Similarly, consider a situation in which the data coming from the sensors are at constant rate (δ) for any unit interval, i.e., the number of data within a unit time is constant over time. Based on the probability theory, we know that such event probability distribution can be modeled as exponential distribution, with the probability distribution function given below:

V (t) = 1 - e^{- λ t}, t \geq 0

(15)

Substitute k, C(t), and V(t) in (11), we have

E [T] = \int_{0}^{\infty} e^{- n λ t} d t = \frac{1}{λ} \cdot \frac{1}{n}

(16)

Therefore, though the probability distribution functions for voting time are different, if all the sensors are truthful, increasing n, i.e., the number of resources, reduces the expected time to obtain assured votes.

4.3.2 Untruthful Voters

Under untruthful voter scenario, we have k determined by the specific majority voting protocol (where $k = ⌈ (n + 1) / 2 ⌉$ in majority voting protocols and $k = ⌈ 2 n / 3 ⌉$ in the more stringent Byzantine voting protocols). We further assume that C(t) is uniformly distributed over the interval [0, T₂] and V(t)=1¹. From (9), we can derive the probability of getting a valid data before time t:

P (t) = \sum_{i = ⌈ (n + 1) / 2 ⌉}^{n} (\binom{n}{i}) {(\frac{t}{T_{2}})}^{i} {(1 - \frac{t}{T_{2}})}^{n - i} (t \in [0, T_{2}])

(17)

The following figures show the relationships between P(t) and n under different t:

As can be seen that when t=0.4T₂, which means that the probability of getting a valid vote from an individual voter by time t is less than 50%, adding more homogeneously untruthful resources only makes it harder to get a consensus within given time.
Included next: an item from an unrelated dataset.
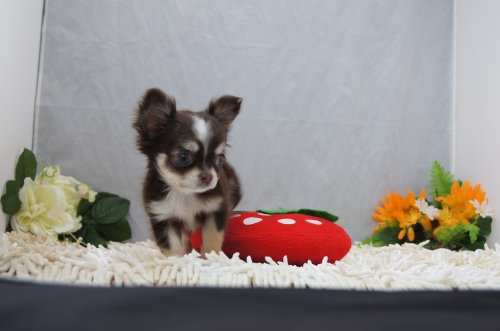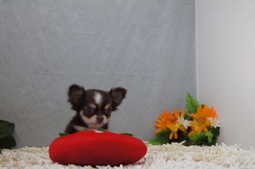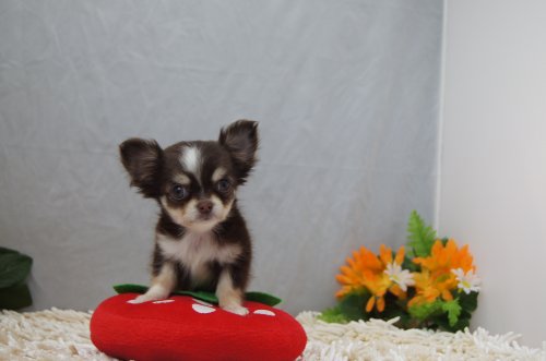チワワ(ロング) チョコレート&ホワイト 両親共に良血統ですよ!極小サイズ!! ♀(女の子) 大阪府【 ブリーダーズ 】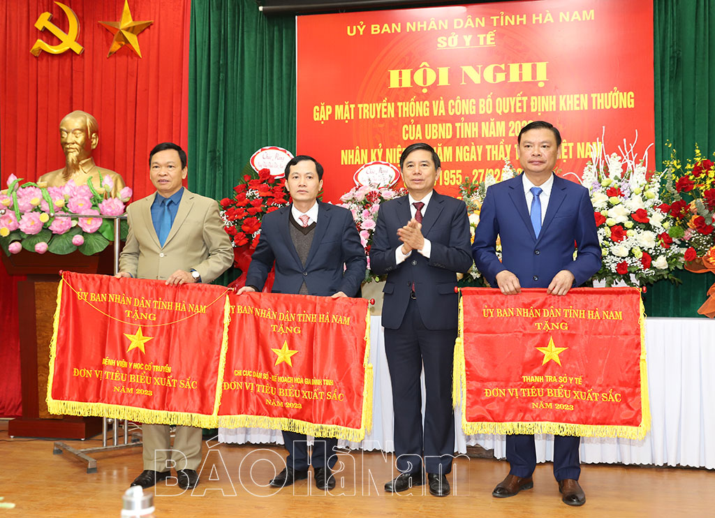 Tại Hội nghị, 3 tập thể gồm: Thanh tra Sở Y tế, Bệnh viện Y học cổ truyền tỉnh, Chi cục Dân số - Kế hoạch hóa Gia đình tỉnh được nhận Cờ thi đua của UBND tỉnh. 18 tập thể được UBND tỉnh trao Danh hiệu Tập thể lao động xuất sắc. 05 tập thể và 20 cá nhân được nhận Bằng khen của Chủ tịch UBND tỉnh vì có thành tích xuất sắc trong năm 2023.

Intuitively, if over 50% chance a voter is to lie, adding more such voters only reduces the probability of getting valid votes within a given time. However, when t=0.6T₂, which means that the probability of getting a valid vote from an individual voter by time t is greater than 50%, adding more homogeneous resources facilitates the decision process, thus resulting in an increasing probability of obtaining a valid vote. The question now is: how does the resource availability influence the average decision time and thus the data availability?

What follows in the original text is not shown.